Quando sua filha completou 12 anos, Gighe Dutta decidiu que esse seria o ano em que ele e sua esposa deixariam de cortar cana-de-açúcar nos canaviais do oeste da Índia. O trabalho exigia uma longa migração, e sua filha teria que abandonar a escola —o primeiro passo para muitas meninas em direção a uma vida de abuso e pobreza.
Mas seu empregador se recusou a deixá-los ir embora. O empregador e seus amigos bateram em Dutta e o forçaram a entrar em um carro, disse o trabalhador. De acordo com um relatório que ele apresentou a uma agência do governo local, os homens o levaram a uma usina que diz fornecer açúcar para muitas empresas internacionais.
Dutta ficou trancado lá por dois dias, disse ele, e foi deixado para dormir no chão para reconsiderar sua decisão.

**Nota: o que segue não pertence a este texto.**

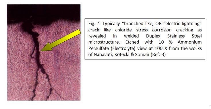 They often failed due to chloride stress corrosion cracking as revealed by microstructure bearing typically “branched like, OR “electric lightning” crack (Ref 1-3). The combination of high temperature, high chloride content and the cold worked plate Type 316 material, becomes highly susceptible to Chloride Stress Corrosion Cracking (CSCC) leading to failure. However, as with many materials, the duplex stainless steels may be susceptible to stress corrosion cracking under high temperature, chloride-containing environments, or when conditions support hydrogen-induced cracking (HIC) as shown in Fig. 1 (Ref: 3)

O estado de Maharashtra, rico em açúcar, fornece o insumo para empresas como Coca-Cola, PepsiCo e Unilever. Os políticos locais e os barões do açúcar dizem que trabalhadores como Dutta têm liberdade para ir embora. O trabalho é árduo, admitem eles, mas os trabalhadores sempre podem procurar emprego em outro lugar.
Mas os trabalhadores do setor açucareiro de Maharashtra estão longe de ser livres. Sem contratos escritos, eles ficam à mercê de seus empregadores para decidir quando podem sair. Com frequência, trabalham sob a ameaça de violência, sequestro e assassinato.
Não há dados oficiais sobre a frequência com que esse tipo de tratamento ocorre, e os abusos geralmente não são denunciados porque os trabalhadores temem retaliações. No entanto, grupos de direitos dos trabalhadores, autoridades do governo local, especialistas e até mesmo alguns proprietários de fábricas afirmam que o sequestro não é incomum e que os trabalhadores têm poucos recursos para se defender.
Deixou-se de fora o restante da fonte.